Small wells (4 mm × 2 mm) were cut into the plates with the help of a well cutter and the bottom of the wells were sealed with 0.8% soft agar to prevent the flow of test sample at the bottom of the well. One hundred microliters of the tested samples (10 mg/mL) were loaded into the wells of the plates. All compounds were prepared in DMSO, and DMSO was loaded as control. The plates were examined for the formation of zone of inhibition. Each inhibition zone was performed three times for each fungus. Clotrimazole and itraconazole were used as antifungal standard drugs.

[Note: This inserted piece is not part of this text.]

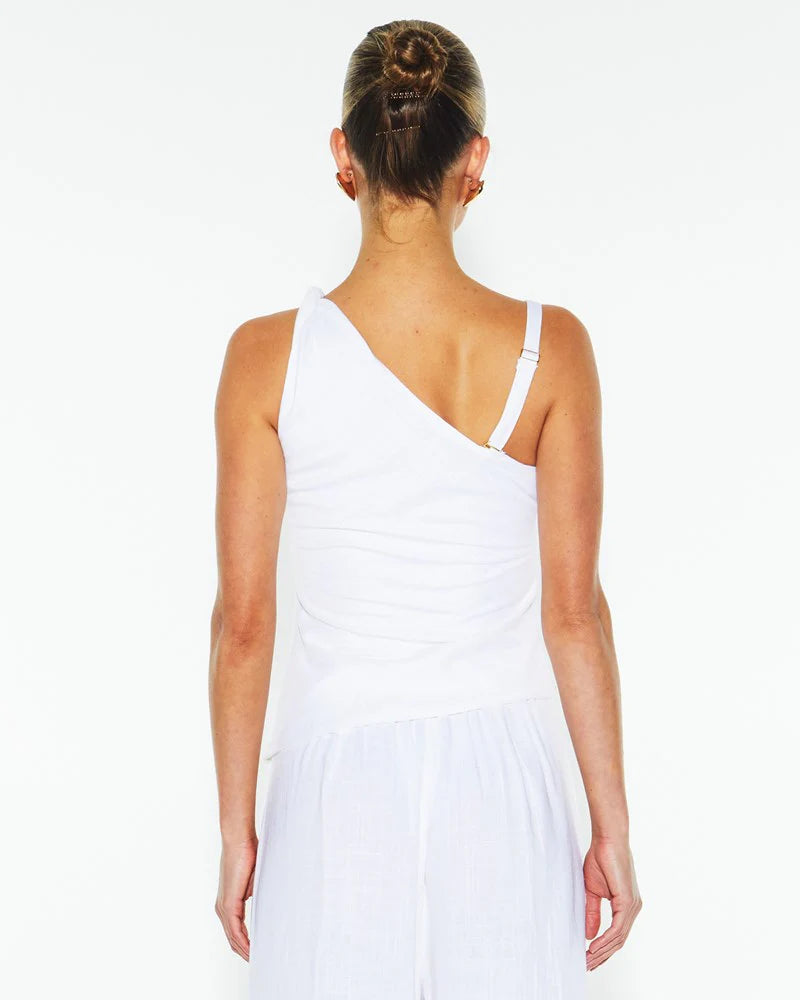 The Statues Twist Cami combines refined design with everyday comfort. Its twisted strap and asymmetric hem detail create an elegant look, while the soft linen blend fabric offers a relaxed, springtime fit.

To determine the minimum inhibition concentration (MIC) of tested samples, the agar plate method was used; two-fold serial dilutions of each sample were added to nutrient broth for bacteria (beef extract 5 g, peptone 10 g added to 1000 mL distilled water, pH 7.0) and to sabourad dextrose broth for fungi, DMSO was used as the control. Then they were heated in an autoclave at 121 °C for 25 min. The culture of each organism was diluted by sterile distilled water to 105–106 CFU/mL, a loop of each suspension was inoculation, the plates were incubated at 37 °C for 24 h for bacteria, and at 30 °C for 3–4 days for fungi. The colonies were counted and the MIC values were obtained. The MIC was considered to be the lowest concentration that completely inhibits against inoculums compared with the control, disregarding a single colony or a faint haze caused by the inoculums [36].

4. Conclusions

Four novel hydrogels based on chitosan were successfully prepared via a cross-linking reaction between chitosan and various amounts of oxalyl bis 4-(2,5-dioxo-2H-pyrrol-1(5H)-yl)benzamide. Their structures have been confirmed using FTIR spectra, SEM and X-ray diffraction. All the hydrogels, compared with chitosan, have a higher antimicrobial activity as judged by their higher inhibition zone diameters and their lower MIC values. The results show that the hydrogels have a stronger activity against Gram-positive bacteria than against Gram-negative bacteria. These hydrogels also show a significant inhibitory effect on the fungi. The hydrogel of the lowest degree of cross-linking has a noticeably higher antibacterial and antifungal activity than those of the other hydrogels. Thus, it can be concluded that these hydrogels have an interesting usage as antimicrobial substances.